Conversions and initialisation

Now that we have a rudimentary grasp of the type system and object model, we’re going to learn how conversions work, and two methods of initialisation.

Don’t forget to open this lesson’s Compiler Explorer session! Unlike most other chapters—which use Catch2—we shall be printing to screen, since that should help you visualise what’s actually happening.

Chapter table of contents

Conversions and initialisation

Objectives and outcomes

Objective (you will develop)	Outcome (you will be able to)
an understanding of conversions	describe promotions and narrowing conversions. recall the direction promotions take. distinguish between implicit conversions and explicit conversions.
skills in writing conversion operations	synthesise code that uses: promotions and explicit conversions braced initialisation for built-in types type deduction expressions with mixed types synthesise code that avoids implicit narrowing conversions.

Acknowledgements

Thank you to Vagrant Gautam, Lesley Lai, and Janet Cobb for providing feedback.

Promotions

Let’s start with the following program.

#include <fmt/format.h>

int main()
{
  char const letter = 'A'; // value is 65 in UTF-8
  fmt::print("letter: '{}'\n", letter);

  char const space = ' '; // value is 32 in UTF-8
  fmt::print("space: '{}'\n", space);

  fmt::print("letter + space: '{}'\n", letter + space); // 65+32 in UTF-8 represents 'a'
}

You should get the following output:

letter: 'A'
space: ' '
letter + space: '97'

We can’t directly add chars. Although we can add two char objects, the value we get back seems to be an int. What’s going on there?

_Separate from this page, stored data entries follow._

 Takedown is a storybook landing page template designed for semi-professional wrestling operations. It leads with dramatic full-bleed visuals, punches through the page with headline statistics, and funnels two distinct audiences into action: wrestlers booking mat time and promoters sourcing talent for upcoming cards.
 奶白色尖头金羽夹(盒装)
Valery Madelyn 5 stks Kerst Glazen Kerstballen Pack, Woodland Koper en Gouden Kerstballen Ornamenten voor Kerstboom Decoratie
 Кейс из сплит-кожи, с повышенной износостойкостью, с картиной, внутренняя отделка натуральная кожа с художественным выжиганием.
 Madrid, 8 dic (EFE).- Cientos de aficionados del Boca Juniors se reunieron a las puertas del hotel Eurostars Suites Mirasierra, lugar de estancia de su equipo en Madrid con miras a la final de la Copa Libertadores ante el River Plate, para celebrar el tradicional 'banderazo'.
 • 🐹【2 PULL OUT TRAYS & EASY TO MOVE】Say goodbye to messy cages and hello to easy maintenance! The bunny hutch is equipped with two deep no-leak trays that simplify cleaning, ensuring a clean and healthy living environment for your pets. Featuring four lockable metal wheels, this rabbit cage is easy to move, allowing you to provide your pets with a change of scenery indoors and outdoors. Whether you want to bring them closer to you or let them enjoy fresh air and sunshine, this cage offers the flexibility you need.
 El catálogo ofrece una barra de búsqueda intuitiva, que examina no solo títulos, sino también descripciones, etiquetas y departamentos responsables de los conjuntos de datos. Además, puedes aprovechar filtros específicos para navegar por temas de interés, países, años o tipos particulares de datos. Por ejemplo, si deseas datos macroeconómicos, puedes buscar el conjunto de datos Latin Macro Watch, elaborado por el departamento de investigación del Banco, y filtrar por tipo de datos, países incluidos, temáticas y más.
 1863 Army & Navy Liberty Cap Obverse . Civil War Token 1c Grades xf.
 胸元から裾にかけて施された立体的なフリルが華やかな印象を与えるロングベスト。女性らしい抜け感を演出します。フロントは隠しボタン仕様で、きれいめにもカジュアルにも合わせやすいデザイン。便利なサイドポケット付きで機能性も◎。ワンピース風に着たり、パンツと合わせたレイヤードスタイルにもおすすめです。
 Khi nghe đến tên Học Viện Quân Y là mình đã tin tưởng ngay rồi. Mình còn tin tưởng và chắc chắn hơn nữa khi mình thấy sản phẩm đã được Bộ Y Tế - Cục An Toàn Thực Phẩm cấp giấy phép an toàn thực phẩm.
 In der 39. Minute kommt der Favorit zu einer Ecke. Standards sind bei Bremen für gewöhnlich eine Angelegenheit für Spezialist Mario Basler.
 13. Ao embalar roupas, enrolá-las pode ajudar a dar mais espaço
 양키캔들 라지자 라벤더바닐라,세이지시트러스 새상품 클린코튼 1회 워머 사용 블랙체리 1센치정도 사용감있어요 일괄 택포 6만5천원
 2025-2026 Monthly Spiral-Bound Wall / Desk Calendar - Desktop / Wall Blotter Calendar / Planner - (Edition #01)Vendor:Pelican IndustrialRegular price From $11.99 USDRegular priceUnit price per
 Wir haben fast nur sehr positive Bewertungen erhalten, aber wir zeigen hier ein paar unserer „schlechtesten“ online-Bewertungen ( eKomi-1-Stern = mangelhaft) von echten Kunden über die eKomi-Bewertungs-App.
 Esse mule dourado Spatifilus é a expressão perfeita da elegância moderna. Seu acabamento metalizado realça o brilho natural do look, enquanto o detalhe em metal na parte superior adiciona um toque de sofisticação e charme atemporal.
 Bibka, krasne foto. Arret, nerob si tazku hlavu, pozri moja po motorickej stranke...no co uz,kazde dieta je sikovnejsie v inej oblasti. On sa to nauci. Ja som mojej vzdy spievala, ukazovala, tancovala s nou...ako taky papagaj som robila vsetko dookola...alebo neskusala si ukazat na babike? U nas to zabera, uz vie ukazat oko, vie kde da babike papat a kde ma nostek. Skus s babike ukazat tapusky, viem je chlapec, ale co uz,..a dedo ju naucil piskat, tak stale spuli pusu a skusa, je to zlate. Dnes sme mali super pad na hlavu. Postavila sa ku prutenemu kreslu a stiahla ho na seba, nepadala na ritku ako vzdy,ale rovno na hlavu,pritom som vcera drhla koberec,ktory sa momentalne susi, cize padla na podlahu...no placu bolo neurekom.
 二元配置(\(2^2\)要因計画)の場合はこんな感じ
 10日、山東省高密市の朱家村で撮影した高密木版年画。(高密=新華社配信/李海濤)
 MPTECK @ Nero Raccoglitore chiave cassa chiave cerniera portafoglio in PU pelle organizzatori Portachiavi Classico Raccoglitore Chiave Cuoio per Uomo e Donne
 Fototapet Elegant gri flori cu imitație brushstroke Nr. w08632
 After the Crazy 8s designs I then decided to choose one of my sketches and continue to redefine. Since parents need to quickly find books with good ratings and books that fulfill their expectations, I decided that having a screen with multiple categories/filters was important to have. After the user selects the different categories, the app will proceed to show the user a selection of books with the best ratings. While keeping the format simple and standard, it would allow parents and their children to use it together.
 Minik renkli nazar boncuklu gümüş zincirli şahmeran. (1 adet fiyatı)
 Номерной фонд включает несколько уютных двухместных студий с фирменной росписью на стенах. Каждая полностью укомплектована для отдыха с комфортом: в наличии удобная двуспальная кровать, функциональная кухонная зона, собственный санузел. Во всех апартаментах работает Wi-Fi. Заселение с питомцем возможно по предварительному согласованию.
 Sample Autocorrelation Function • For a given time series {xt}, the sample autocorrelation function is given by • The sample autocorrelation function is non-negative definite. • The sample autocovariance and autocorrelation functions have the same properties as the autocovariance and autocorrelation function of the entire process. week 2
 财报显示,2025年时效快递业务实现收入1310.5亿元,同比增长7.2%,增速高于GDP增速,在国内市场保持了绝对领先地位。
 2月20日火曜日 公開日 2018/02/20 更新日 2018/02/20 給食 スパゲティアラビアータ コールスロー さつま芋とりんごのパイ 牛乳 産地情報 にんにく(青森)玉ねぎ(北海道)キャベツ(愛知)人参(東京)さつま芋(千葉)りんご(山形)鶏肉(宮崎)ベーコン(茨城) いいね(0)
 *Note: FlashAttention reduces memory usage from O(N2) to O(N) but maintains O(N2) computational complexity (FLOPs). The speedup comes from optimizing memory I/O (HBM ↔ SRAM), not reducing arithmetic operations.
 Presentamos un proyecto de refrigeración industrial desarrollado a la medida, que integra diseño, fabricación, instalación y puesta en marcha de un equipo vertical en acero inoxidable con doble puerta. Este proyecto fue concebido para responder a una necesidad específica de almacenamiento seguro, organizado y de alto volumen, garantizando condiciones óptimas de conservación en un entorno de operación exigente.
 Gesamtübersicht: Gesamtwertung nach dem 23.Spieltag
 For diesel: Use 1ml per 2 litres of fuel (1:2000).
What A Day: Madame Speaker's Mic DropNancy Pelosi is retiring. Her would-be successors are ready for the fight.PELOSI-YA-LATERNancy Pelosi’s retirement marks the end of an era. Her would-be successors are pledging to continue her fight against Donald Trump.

An 8-by-4 grid of cells with the entire first row filled. The first row is as in Chapter 3. The second row has merged all eight of its cells into one big cell. Its type is `double`, and its value is π to eight decimal places.

We looked at how objects with built-in types are represented in memory using an abstract machine in Chapter 3. With that machine, we saw that int is bigger than char, and that double is bigger thanint. Also recall that values are bitwise representations of memory, with meaning given to them by types. Let’s take our value example from above and fit it into one of our object boxes.

An 8-by-1 grid of cells with the first cell filled. Its type is `char`, its value is `A`, and its binary representation is 0, 1, 0, 0, 0, 0, 0, 1, 0.

We only need one rows for this chapter. On this abstract machine, a byte is eight bits, which is consistent with most—if not all—modern computers. Our value only has seven significant bits, so it slips nicely into our char object, with a meaningless zero at the front.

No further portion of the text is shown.